Dido and Aeneus

This past weekend I performed in the opera Dido and Aeneus in a collaboration of the Department of Dance and the Department of Music.  Twenty chorus members, twelve dancers, nine opera singers, and an orchestra came together to put on five shows of this production, not to mention the choreographer, director, and crew.  It was a huge undertaking but I learned so much in the two months of the rehearsal and performance process.

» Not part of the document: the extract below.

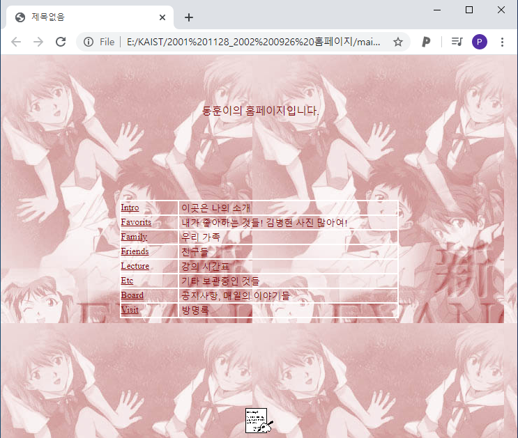 먼저, 내 첫 홈페이지는 순수 html 과 어설픈 디자인이 들어간 페이지였던 걸로 기억한다. main.html 에는 간단한 내 소개가 들어가 있었고, 몇 가지의 페이지 링크와 박찬호 사진 같은 것이 들어 있었다. 좋아라 하고 만들었는데 역시 찾아오는 사람이 없으니 3개월도 못 가서 내렸다. 얼마 지나지 않아 또 다른 비슷한 홈페이지를 만들게 되었다. 메인 테마는 BK 김병현이었다. 대문짝 만하게 검정색 애리조나 다이아몬드백스의 유니폼을 입은 김병현 선수 자신을 올려 놓았다. 그리고 cgi 게시판 소스를 가져다가 방명록도 만들었던 기억이 난다. 이 때는 단순한 html 만 사용한 것이 아니라 나모 웹 에디터를 사용해서 나름 css style 도 먹였었다. 결과는? 당연히 얼마 가지 않았다.
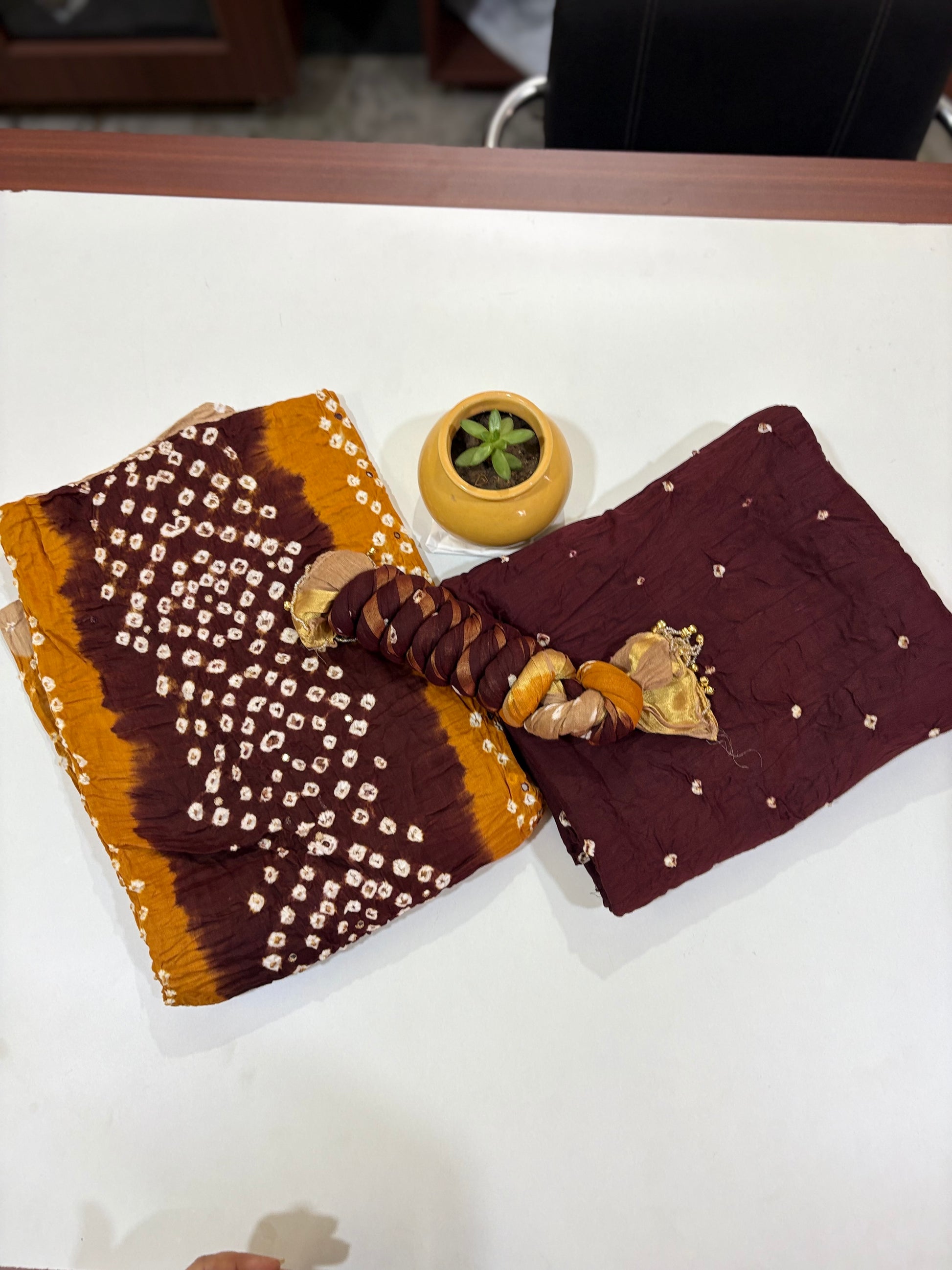 Black and Mustard | Three Piece | Bandhini | Unstitched Cotton Suit Set

I am taking History, Theory, and Literature of Dance this semester, and being in this Baroque Era opera also emphasized many of our class discussion points:

Immersing myself in the creative process of performing in the opera Dido and Aeneus clarified the atmosphere of the Baroque Ballet for me.  Each rehearsal I defined the Baroque bubble for myself a little bit more and the movement slowly naturalized in my body.  Collaborating with the musicians and singers to create a production that was larger than myself or a single dance was an incredible learning opportunity in

Another aspect of Baroque that came into play was playing into the structure of the music.  It was crucial that the movement and song synced to be able to articulate the storyline.  In the rehearsal process Susan Petry would often come in with raw material that we would then fit in to the structure of the music.  This became important when we started working with live music because as the tempo changed from night to night, our movement was able to adapt as well.

The most salient Baroque element for me was the idea of the ensemble versus individual characters.  The Baroque Era was the crossing point between Renaissance Dance, when patterns were all the rage, and the ballet d’action, when the individual dancer and his/her emotions were most valued.  Baroque was a mixture of both ideas, and we had to find that mixture when performing the opera.  On one hand, we were all our own dancers, reacting to the events of the opera in our own way through our acting.  On the other hand, we were one ensemble, acting as one to guide the storyline by gently transitioning between scenes.  In this way we embodied the purpose of the Baroque dancer.



Productions like this are something I would love to pursue more in the future, so to have this professional opportunity within my department was a blessing. I am excited to apply what I have learned from this experience and will be searching for more performances like this to participate in.

This show also is responsible for bringing me into contact with some of the most beautiful people.  I would just like to tag onto the end of this post a huge thank you to my fellow cast members, the crew, choreographer Susan Petry, and director Scott Parry.  I did not just learn from performing, I learned from every single person who was a part of this experience.